Type | Tot photons | Frac phot | Tot time(s) | % time |
---|---|---|---|---|
Astro Objects | 655,711,741 | 2.66E-04 | 3443.15 | 2.34% |
Zodiacal | 71,261,379,555 | 0.03 | 15020.15 | 10.21% |
Moon-Mie | 422,991,262,780 | 0.17 | 16034.5 | 10.90% |
Moon-Rayleigh | 1,342,127,786,118 | 0.54 | 28192.24 | 19.16% |
Airglow | 603,463,483,218 | 0.24 | 78302.19 | 53.22% |
Cosmic Rays | 23,524,903,800 | 0.01 | 6142.38 | 4.17% |
Total | 2,464,024,527,212 | 1.00 | 147134.61 | 100% |
A ~7-day, 720-node reservation on Cori-KNL begins today. During this reservation, all remaining sensor-visits will be attempted.
$ scontrol show res desc-run1.2p
ReservationName=desc-run1.2p
StartTime=2018-05-01T10:00:00
EndTime=2018-05-08T06:59:00
Duration=6-20:59:00
Nodes=nid[02688-02703,02708-02763,02768-02769,02771-02827,02836-02891,02896-02924,02926-02959,02964-03002,03004-03011,03013-03019,03024-03056,10743,12288-12456,12458-12599,12601-12671]
NodeCnt=720
CoreCnt=48960
Features=knl
PartitionName=regular
Flags=
TRES=cpu=195840
Users=glanzman,descpho,desc,descdm
Accounts=m1727
Licenses=(null)
State=INACTIVE
BurstBuffer=(null)
Watts=n/a
12:45 status: Off to a rough start. Immediately at 10:00 700+ pilot jobs began running. But it seems that the default version of python at NERSC moved from v2 to v3 very recently. The workflow python is v2, so jobs began crashing in massive numbers - and very rapidly. Due to the load on the workflow engine, this disaster was not apparent for ~5 minutes into the run. By 10:17, .py scripts had all been patched and put in to production. Even now, almost 2-1/2 hours later, the workflow engine is still catching up. But on the positive side, there are >24k jobs running on >700 nodes.
Jobs on all 720 nodes were running smoothly until this morning when a cluster of terminated jobs suddenly appeared. After some investigation, the only clue from the Pilot is that 'srun' claimed an out-of-memory problem. (Note, I have never seen an indication of a memory leak with phoSim and its memory foot print is very stable.) This problem affected exactly 10 nodes, or 671 raytrace jobs (well, as of 11:30 PDT). I have modified the Pilot parameters to allow slightly less memory to be allocated to see if that has any effect, and then resubmitted 10 1-node Pilot jobs.
11:40 status:
15:45 status: Another six pilots have spontaneously terminated. Cause is under investigation...
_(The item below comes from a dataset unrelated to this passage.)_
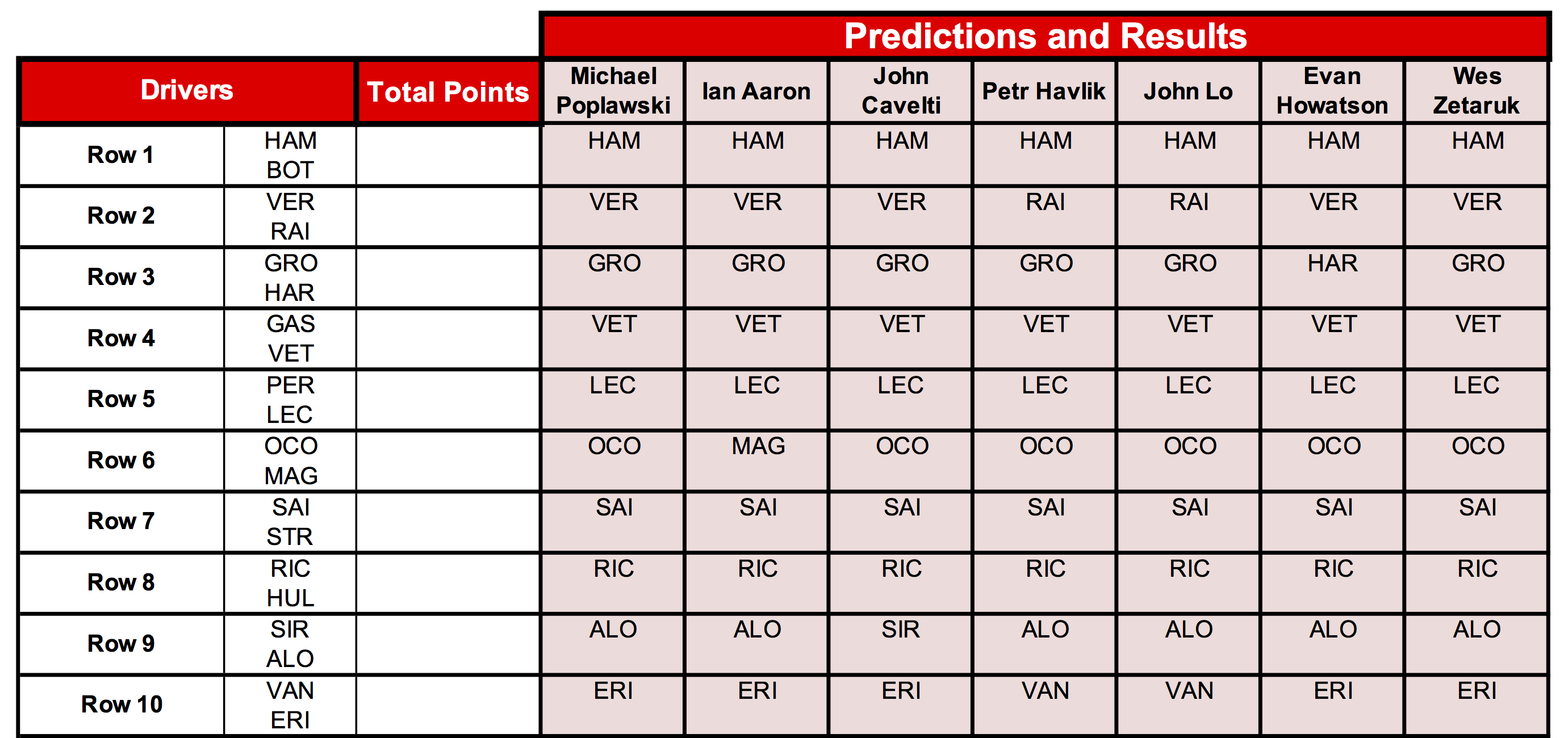 Our predictions definitely play to a pattern, with five rows being selected unanimously (Valtteri Bottas, Pierre Gasly, Sergio Pérez, Lance Stroll and Nico Hülkenberg will all have something to prove to us). The five rows which where a handful of us have gone with some outliers may prove to be crucial in our game as so few points separate most of us.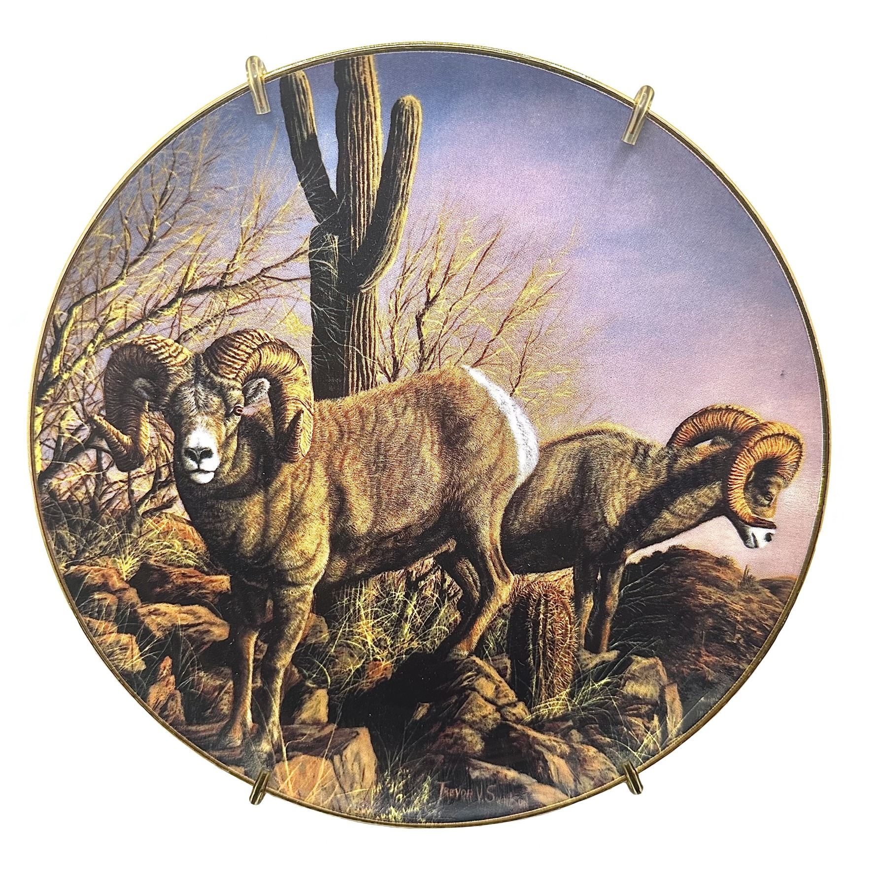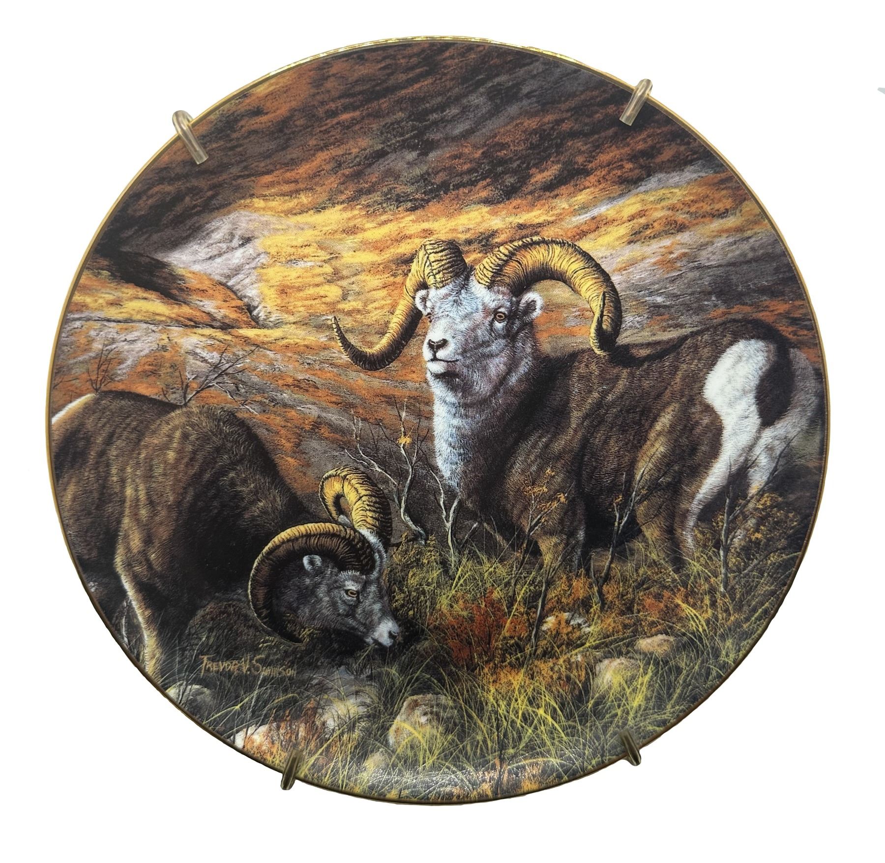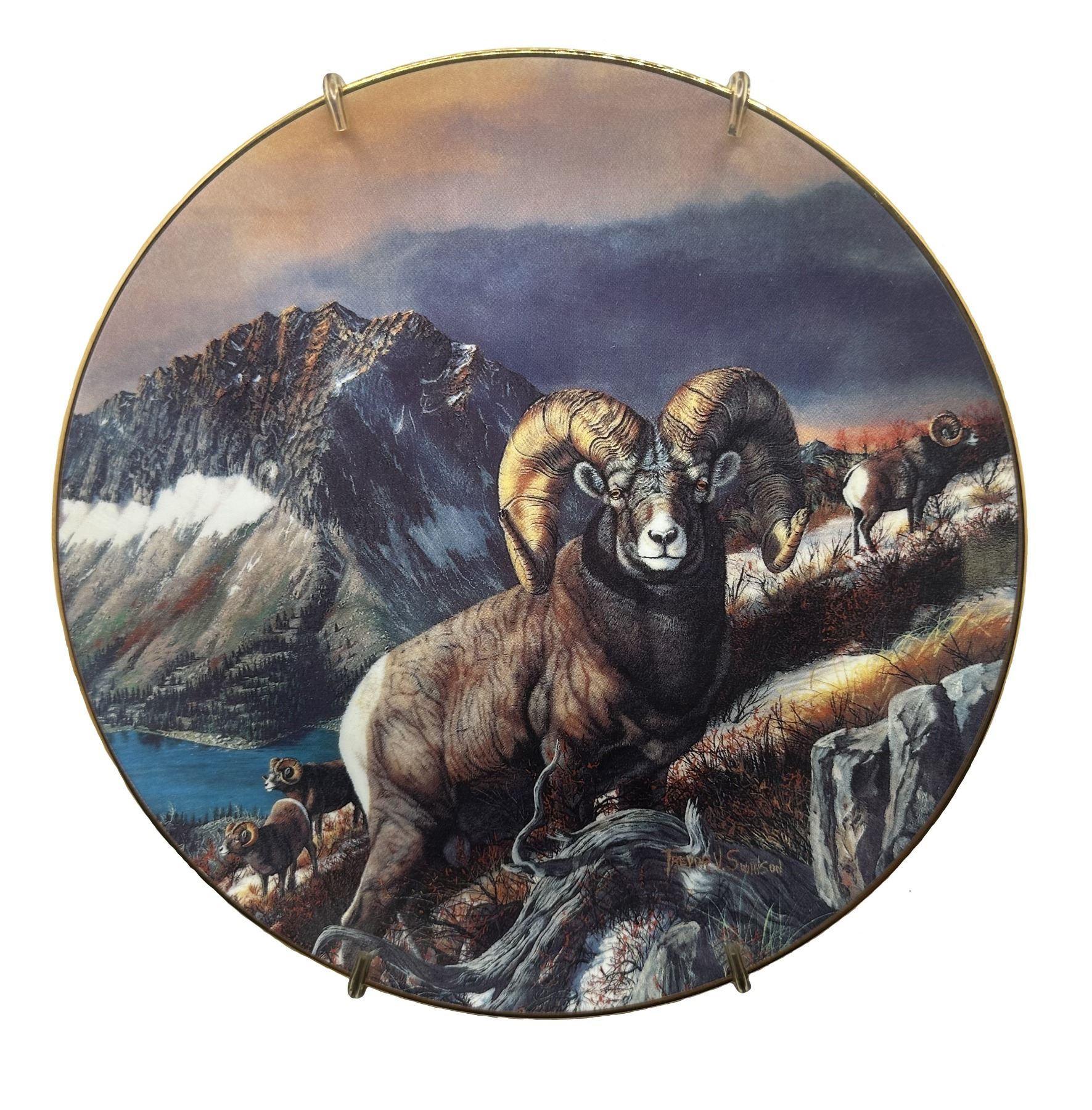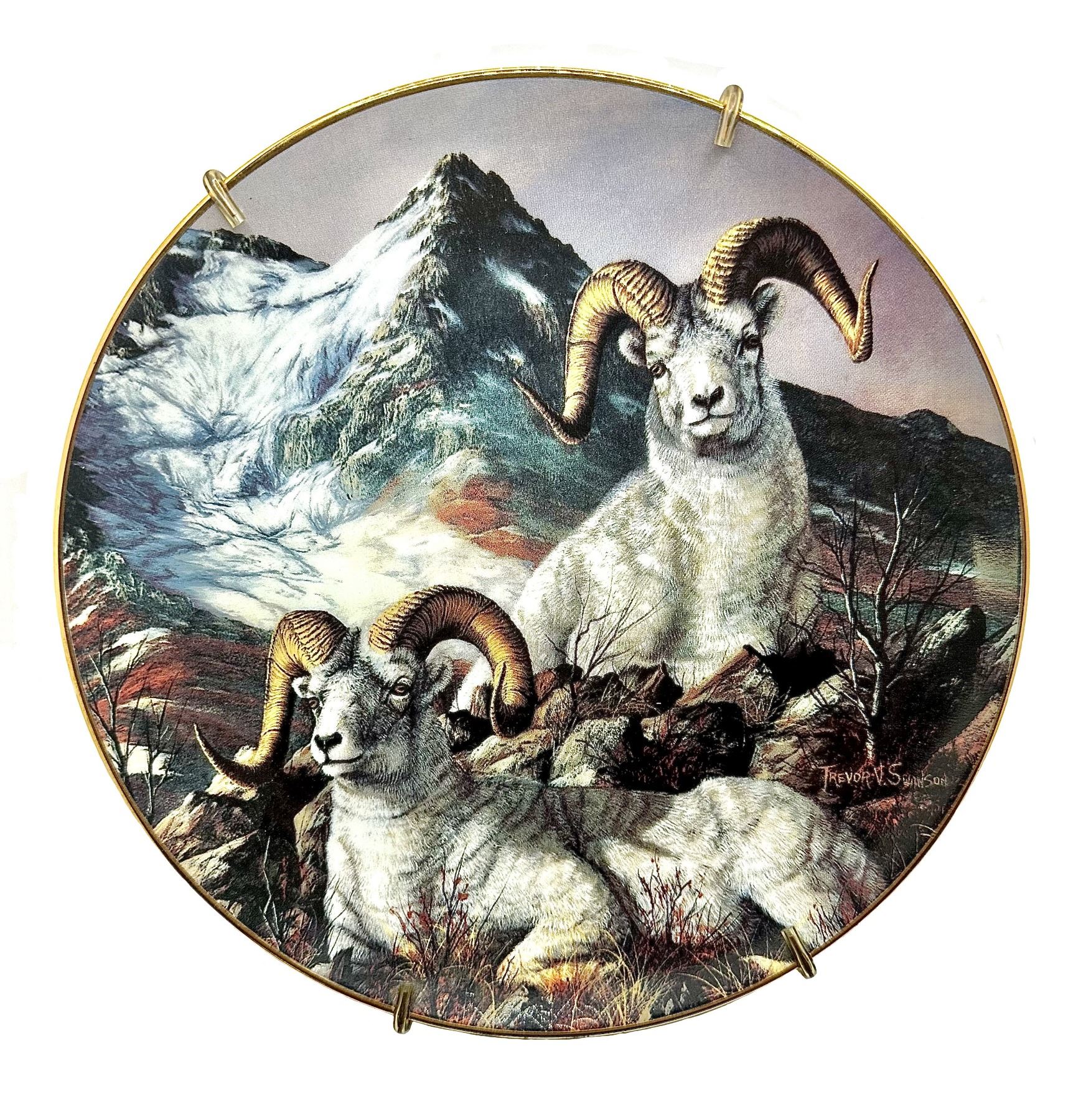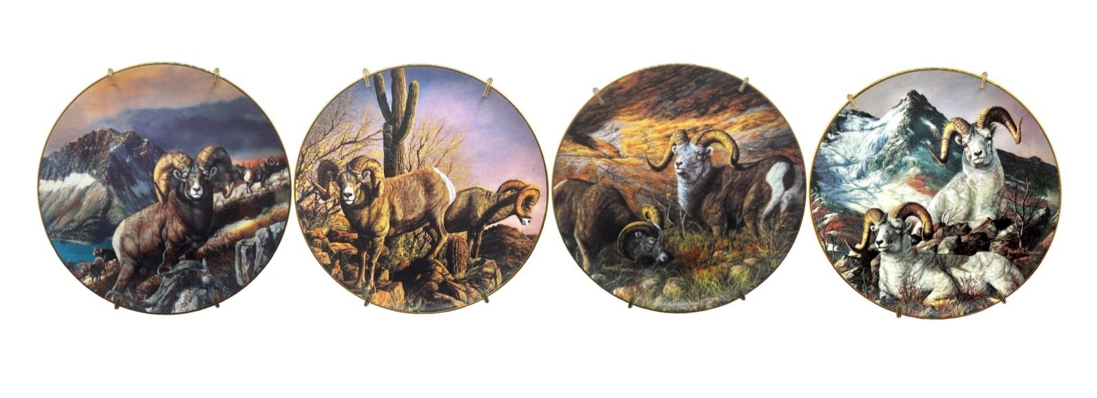 Set of 4 limited edition plates by Trevor Swanson from the collection entitled THE GRAND SLAM. Made by the Danbury Mint, this is a complete set with all 4 plates numbered A328. Each plate is crafted in fine porcelain and decorated with 23kt gold. They were designed by Gary and Trevor Swanson and produced in the late 1970s and early 80s. The Grand Slam set consists of the Rocky Mountain Bighorn, Desert Bighorn, Dall and Stone Sheep.

The long-running jobs continue to make progress and we are now clearly seeing positive results of running within a 7-day reservation.
The problem of Pilots crashing is now suspected to be memory exhaustion on the KNL nodes. Ongoing discussion as to whether this is memory consumption by user code (workflow Pilot and/or phoSim raytrace), or a system process, or some other problem on the afflicted node. Some memory monitoring has been installed in the workflow. To date, approx. 6% of the Pilot jobs have crashed.
A second problem arose when the 'descpho' pseudo-account's sub-allocation became exhausted, preventing any new jobs from being submitted. Thanks to Richard for quickly fixing!
13:55 status:
Smooth running since Friday. We are now slightly less than two days away from completion of the 7-day reservation and it is possible to make a prediction. Of the >60,000 sensor-visits in queue last Tuesday morning, approx 3900 have not yet started to run, therefore it is highly unlikely they will complete before the upcoming Tuesday cut-off. This represents a lower limit to the estimate of uncompleted jobs, as some fraction of the currently running jobs may not complete.
07:10 status:
15:10 update: A new round of spontaneous Pilot crashes has started. At this time, six (6) Pilot jobs have been killed in the past hour or so.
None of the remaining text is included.